I think there are many ways in which we do that. One simple way, for example in our present crisis, is to go out and get vaccinated as soon as you are able to do so, and do it with the first available vaccine.
I’ve got to say that the phenomenon we’ve seen of people shopping for the vaccine they think is best for them personally, rejecting some for apparent lower efficiency or minuscule higher levels of risks, has been extremely disheartening. Choosing to do what is best for the whole community in this circumstance is hardly difficult. Under normal circumstances I would hardly describe it as laying down your life, but apparently enough people find it hard enough to do that we need to remind people that that’s what love looks like in this present situation.
Who is Being Valued?
But there are also far more difficult opportunities to lay your life down and follow the example of Christ in loving today. In our present context, it would include speaking up, as uncomfortable as it might be, and calling out all of the ways in which people are not being valued.

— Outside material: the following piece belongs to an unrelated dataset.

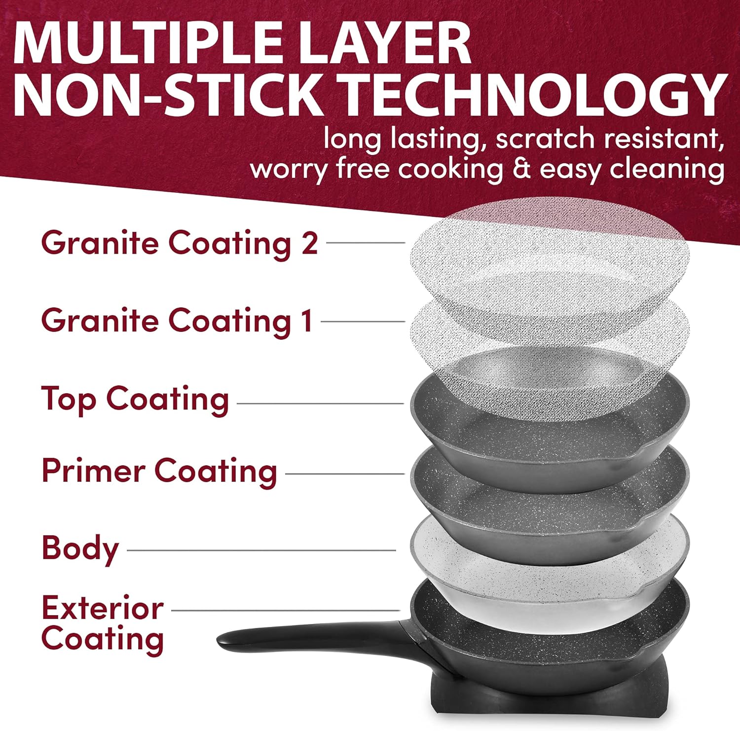 - Marbleized non-stick is more durable than non-stick and will not crack or peel. It quickly releases food for a no-fuss quick and easy clean up. Scratch resistant surface allows for worry-free cooking!

For example, in this pandemic we have seen all of the ways in which certain groups have generally been able to do all right while others have not. We’ve seen how those who are relatively wealthy and have the ability to work from home or to take time off while they’re sick have come through this thing relatively unscathed. Many of them have also found it easier to get vaccinated, so much so that they are being choosy about their vaccines.
Meanwhile there’s this other group of people who are younger, who often belong to racial minorities and who work with the public or work in closely packed factories or warehouses. They generally have little power and no ability to stay home and the evidence seems to indicate that this pandemic has been spreading like wildfire among them. But yet, they’ve not even been prioritized for vaccination in most places.
What does Love Look Like?
This is a situation that endangers the public health of all of us and is being fueled by the inequities that have been in our society for a very long time. What does love look like when that is the situation? What does it look like to lay your life down for the sake of the sheep in that situation? It’s got it be more than word or speech, it’s got to be about action and truth.
Many of us would like to live our lives of Christian faith quietly, not causing any fuss or friction. We would like our love to be in word and in speech, but not to really have it mess with our comfortable routine. But clearly, the reality of the death and resurrection of Jesus is there to push us towards a love that speaks the truth and makes us act, that means a willingness to lay down our lives. That is the difference that the Easter story makes.